● **Work item**
Using the entries below, copy exactly each line from the line with "2. 截至发稿,德国DAX指" up to and including the line with "في هذا التطبيق", with every picture left out.

● **Extracted material**
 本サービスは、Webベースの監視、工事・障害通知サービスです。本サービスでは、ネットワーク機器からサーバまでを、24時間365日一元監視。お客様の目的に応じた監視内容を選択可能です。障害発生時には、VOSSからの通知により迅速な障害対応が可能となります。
...
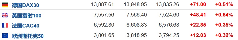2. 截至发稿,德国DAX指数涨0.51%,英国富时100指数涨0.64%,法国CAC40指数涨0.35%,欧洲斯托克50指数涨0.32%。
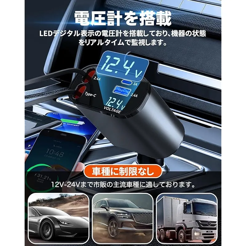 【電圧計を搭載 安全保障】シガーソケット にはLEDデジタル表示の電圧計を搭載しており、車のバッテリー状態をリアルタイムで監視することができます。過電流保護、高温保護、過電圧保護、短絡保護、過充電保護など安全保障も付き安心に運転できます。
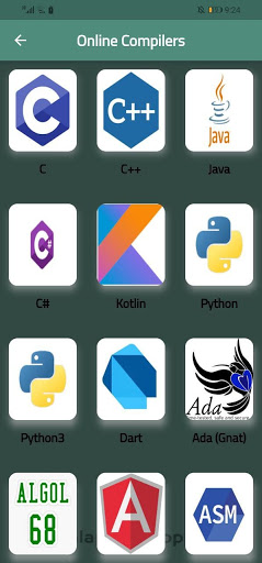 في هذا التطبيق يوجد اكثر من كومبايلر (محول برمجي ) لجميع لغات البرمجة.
...
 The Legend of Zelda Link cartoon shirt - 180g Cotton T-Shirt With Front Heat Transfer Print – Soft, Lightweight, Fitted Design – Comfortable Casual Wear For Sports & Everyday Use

● **Response**
2. 截至发稿,德国DAX指数涨0.51%,英国富时100指数涨0.64%,法国CAC40指数涨0.35%,欧洲斯托克50指数涨0.32%。
 【電圧計を搭載 安全保障】シガーソケット にはLEDデジタル表示の電圧計を搭載しており、車のバッテリー状態をリアルタイムで監視することができます。過電流保護、高温保護、過電圧保護、短絡保護、過充電保護など安全保障も付き安心に運転できます。
 في هذا التطبيق يوجد اكثر من كومبايلر (محول برمجي ) لجميع لغات البرمجة.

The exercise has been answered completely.